Notícia publicada pela Assessoria de Imprensa em 2018-02-09 09:22:00.0

No meio de prédios modernos e da correria do Centro do Rio de Janeiro, uma construção histórica na Rua Dom Manuel guarda a memória de outros tempos, quando o Rio ainda era a capital do Brasil. Ao lado do Fórum da Capital do Tribunal de Justiça do Estado do Rio de Janeiro (TJRJ) é possível admirar a arquitetura do Antigo Palácio da Justiça, inaugurado em 1926. Antes Corte de Apelação do Distrito Federal, Tribunal de Justiça do Estado da Guanabara e Tribunal de Alçada Criminal do Estado do Rio, hoje o local abriga documentos e objetos que contam a história do Judiciário fluminense e do Rio de Janeiro.

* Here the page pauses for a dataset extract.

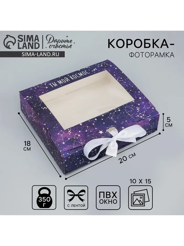 Коробка-фоторамка подарочная складная, упаковка, «Ты мой космос», 20 х 18 х 5 см — Характеристики

O Serviço de Acervo Textual, Audiovisual e Pesquisas Históricas (Seata) do Museu da Justiça Centro Cultural (CCMJ) é responsável pelos processos, livros de registros e toda forma de documentação processual, inclusive áudios e vídeos de audiências e sessões. O objetivo do projeto é a restauração e preservação de arquivos a fim de auxiliar trabalhos de pesquisa e aprimorar o acesso à informação de estudantes, magistrados, historiadores, entre outros.

O acervo tem mais de 24 mil documentos digitalizados. Muitos deles contam a história do Rio e do Brasil desde a época de colônia até a República, como registros de compra e venda de escravos, inventários de eminências da vida pública e processos criminais de grande repercussão. O arquivo histórico também tem mais de 170 arquivos audiovisuais de depoimentos e entrevistas com personalidades da Justiça fluminense.

As obras de restauração do Palácio em 2009 adaptaram o prédio aos tempos modernos, mas sem negligenciar espaços e objetos do século XX que ainda compõem o local. Atuando na preservação, o Serviço de Acervo Museológico e Iconográfico (Seami) organiza pesquisas e catalogação dos objetos históricos, mantendo em seu acervo o mobiliário, quadros, condecorações iconografias e outras peças que representam os velhos tempos do prédio.

Com a missão de difundir o conhecimento, outra forma elaborada pelo CCMJ para resguardar a memória carioca é a promoção de atividades culturais. Exposições, visitas mediadas, exibição de filmes, cursos, concertos, leituras dramatizadas de grandes clássicos do teatro, entre outras atividades, foram idealizados com o objetivo de tornar o Palácio em um espaço mais atraente e interativo, indo além da ideia tradicional de museus apenas expositivos.